CNN recently posted a story about how the Feb. 15 asteroid/meteor event was very, very unlikely: a 1 in 100,000,000 coincidence. I disagreed. I was all ready to blog about how CNN, yet again, got a non-scientist to write about science…and my indignation was already half out of the bottle.
Then I saw who wrote the article: Meg Urry, a highly respected Yale astrophysicist.
So, I sat on my hands for a second and re-evaluated the article. It does not contain any errors as far as I can tell. But I still contend that the article is misleading: saying that the asteroid/meteor event was a 1 in 100,000,000 coincidence is the wrong way to look at it.
I agree that if you multiply 1 in 3,650 days times 1 in 36,500 days you get something close to 1 in 100,000,000. But all you’ve proven is that for any given random day, there is only a 1 in 100,000,000 chance of such a coincidence occurring.

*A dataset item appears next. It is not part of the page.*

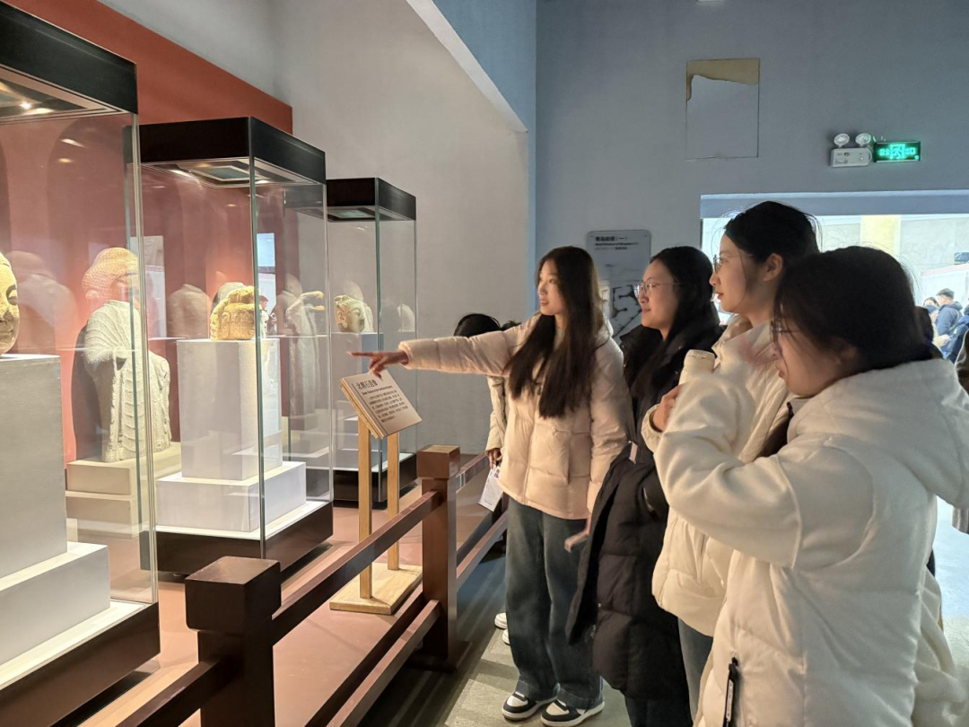 同学们循着“青岛故事”常设展览的脉络,从新石器时代的龙山文化黄玉牙璧感受先民的匠心智慧,从北魏石佛造像体悟文化传承的坚韧包容,从明清书画与器物中探寻传统礼乐制度,在近代城市发展展区前,梳理青岛城市的治理演进与产业升级轨迹。

However, we now live in a post-Nate Silver, post Bayesian controversy world, right? We’ve known about asteroid DA14 for exactly a year (as of today). So the right question to ask, before it flew by last week, was: what is the chance that a human-injuring meteor will fly by on the same day? Well, given that an asteroid will already pass that day, the chance of a once-in-a-decade meteor flying by that same day is just 1 in 3,650 (that is, once in a decade).
I have the utmost respect for Dr. Urry. I suspect that the hyperbole-filled title of her CNN post was written by a CNN webmaster, not her. I still agree that the coincidence was unlikely, but given that DA14 was already expected to fly by, the Chelyabinsk meteor hitting on the same day does not sink into the realm of unbelievability.
[Trivia note: Chelyabinsk is the birthplace of Evgeny Sveshnikov, the chess grandmaster for whom the Sveshnikov variation of the Sicilian defense is named. And I do know that, as much as I like the Sveshnikov defense, I tend to go down in flames like a meteor whenever I play it.]